Records provided:
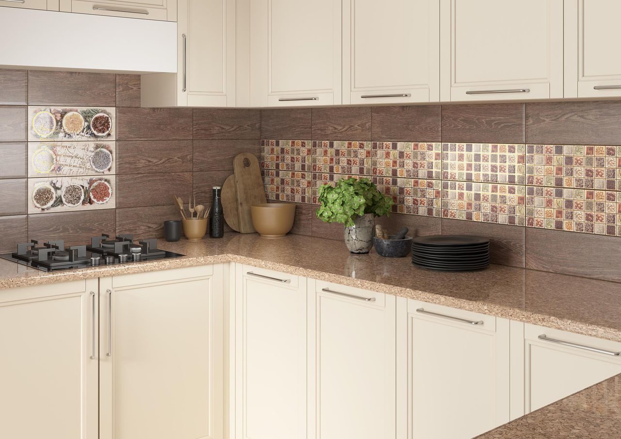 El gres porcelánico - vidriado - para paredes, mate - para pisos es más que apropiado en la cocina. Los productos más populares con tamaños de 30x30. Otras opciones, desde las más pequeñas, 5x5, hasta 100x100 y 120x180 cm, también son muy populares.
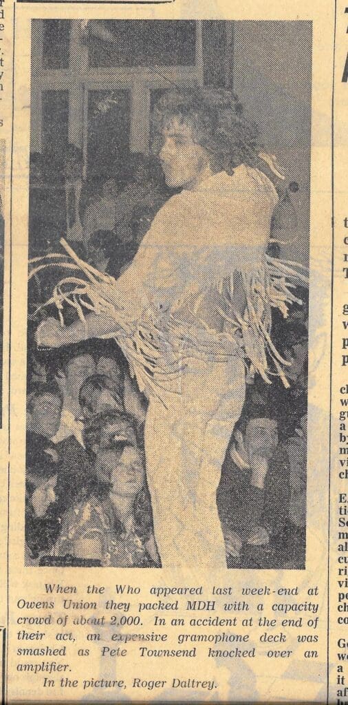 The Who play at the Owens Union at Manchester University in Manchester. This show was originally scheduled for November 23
...
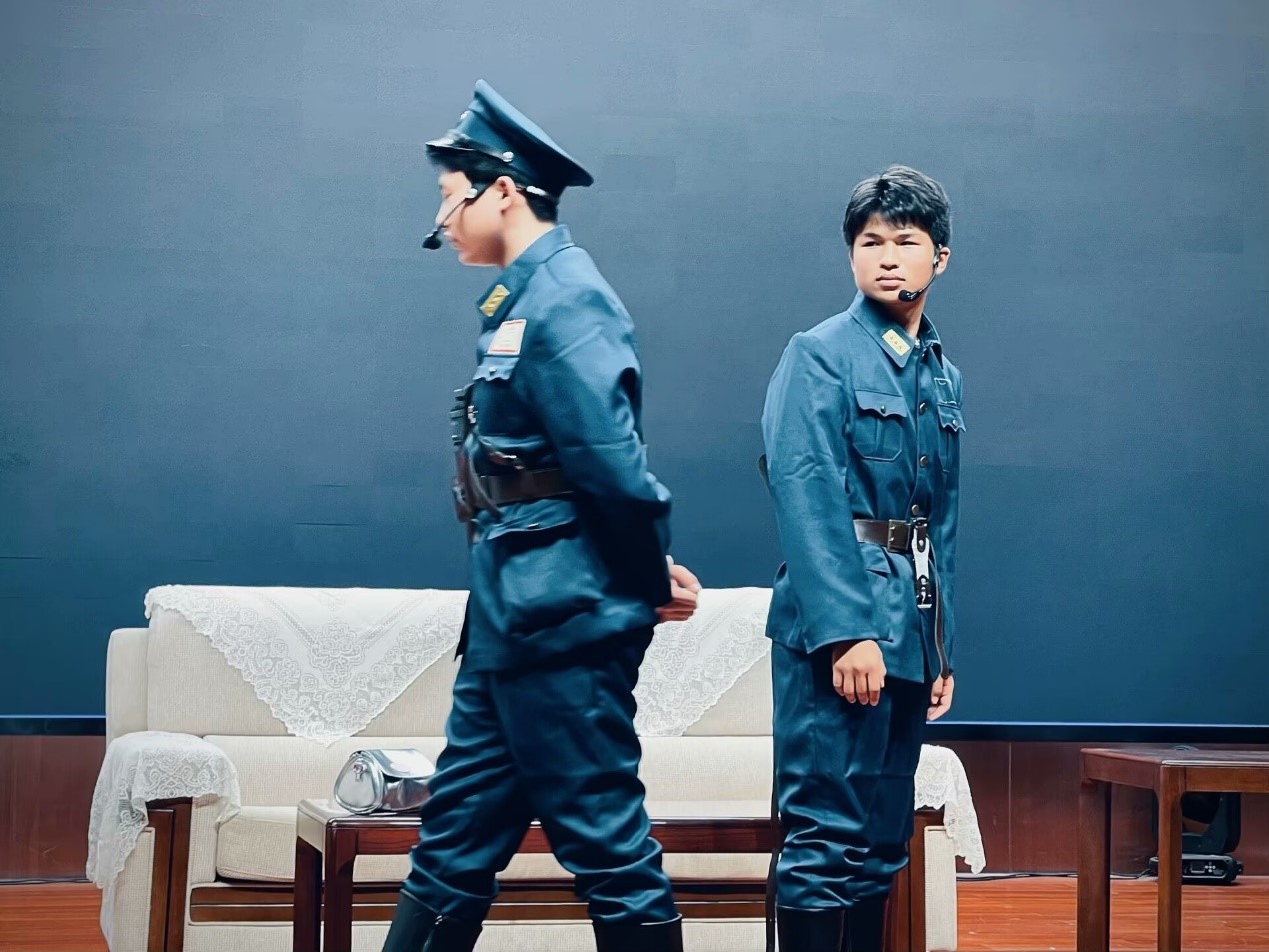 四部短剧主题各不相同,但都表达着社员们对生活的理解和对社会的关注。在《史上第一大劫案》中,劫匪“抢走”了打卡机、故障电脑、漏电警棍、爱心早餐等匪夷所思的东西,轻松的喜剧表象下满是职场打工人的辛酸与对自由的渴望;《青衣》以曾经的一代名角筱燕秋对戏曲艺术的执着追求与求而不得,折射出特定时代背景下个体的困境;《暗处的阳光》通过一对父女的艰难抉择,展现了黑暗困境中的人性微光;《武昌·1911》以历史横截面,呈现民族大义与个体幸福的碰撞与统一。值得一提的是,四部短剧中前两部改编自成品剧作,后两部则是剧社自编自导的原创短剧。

About this exercise:
Starting with the line that has "El gres porcelánico" and going on through the line that has "The Who play", transcribe the records above exactly, but skip the pictures.

Answer for this exercise:
 El gres porcelánico - vidriado - para paredes, mate - para pisos es más que apropiado en la cocina. Los productos más populares con tamaños de 30x30. Otras opciones, desde las más pequeñas, 5x5, hasta 100x100 y 120x180 cm, también son muy populares.
 The Who play at the Owens Union at Manchester University in Manchester. This show was originally scheduled for November 23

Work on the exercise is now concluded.